Settings of the unrolled algorithms: For the GLAD model, we used the standard initialization as recommended by the authors (refer Fig.3). We chose the number of unrolled iterations L = {15, 30}. For the GRNUlar model, we used the standard initialization of the thresholding parameters ρnn, λnn. Now, we need to decide the dimensions of neural network (NN) which fits the regression between the input TFs and the output genes in the fitDNN-fast function. Our general strategy is to have number of hidden layers, depth ≥ 2, of the NN. We roughly choose the number of hidden units in layer ‘j’ as Hj ≥ 4 · Hj−1 and we also satisfy #TF ≤ H1. The number of epochs to fit the regression is decided using the results on the validation dataset. We empirically observed that we need around [200, 500] iterations to fit the neural network in the goodINIT function. We chose the unroll parameters L = 15 and the values of P = {2, 5, 10, 20} with 2 or 3 layers neural network for our experiments.

Fig. 3:
  • Download figure
  • Open in new tab
Fig. 3:

Minimalist neural network architectures designed for the problem dependent parameterizations ρnn & Λnn of both the unrolled models (taken from GLAD work).

For both the unrolled methods, we chose 2 models based on AUPRC and AUROC results on the validation data.

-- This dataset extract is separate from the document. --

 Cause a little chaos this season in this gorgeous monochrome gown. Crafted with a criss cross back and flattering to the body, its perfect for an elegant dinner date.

We use the scaled loss function (Eq. 16) to jointly optimize for MSE and Fβ loss. The values of β used in our experiments were chosen from the set {0.5, 1, 2, 5}. We implemented the unrolled algorithms using PyTorch and were ran on Nvidia P100 GPUs.

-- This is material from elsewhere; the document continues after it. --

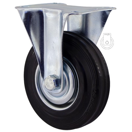 Koło posiada piastę metalową oraz oponę gumową, obudowa pokryta jest ocynkiem.

3.2 Evaluating GRN inference methods on synthetic data

In this subsection, we aim to conduct an exploratory study to gauge the generalization ability of the unrolled algorithms for the GRN inference task using the synthetic data simulator. We compare all the algorithms on various simulator settings and list our key observations.

Graphs and expression data for training: To provide supervision for the unrolled algorithms we use the SERGIO simulator. To create random directed graphs (GRNs) we first decide on some number of TFs or master regulators. Then, we randomly add edges between the TF and the other nodes based on the sparsity requirements. Also, we randomly add some edges between the TF themselves but exclude the self-regulation edges. We further add minimal number of edges to maintain connectivity of graph as it is a requirement for the simulator. This graph is then given as input to the SERGIO simulator to generate corresponding gene expression data. For the experiments in this subsection, we take train/valid/test=20/20/50 graphs respectively with number of genes D=100. All these graphs were sampled from similar settings. We usually choose the ratio of TF with total number of nodes=0.1 (~ 10 TFs for D=100) and sparsity of training graphs=0.1. We want to highlight that we do not need many graphs to train the unrolled models as we are primarily learning the sparsity pattern from supervision and need small neural networks for the same, refer Fig.3.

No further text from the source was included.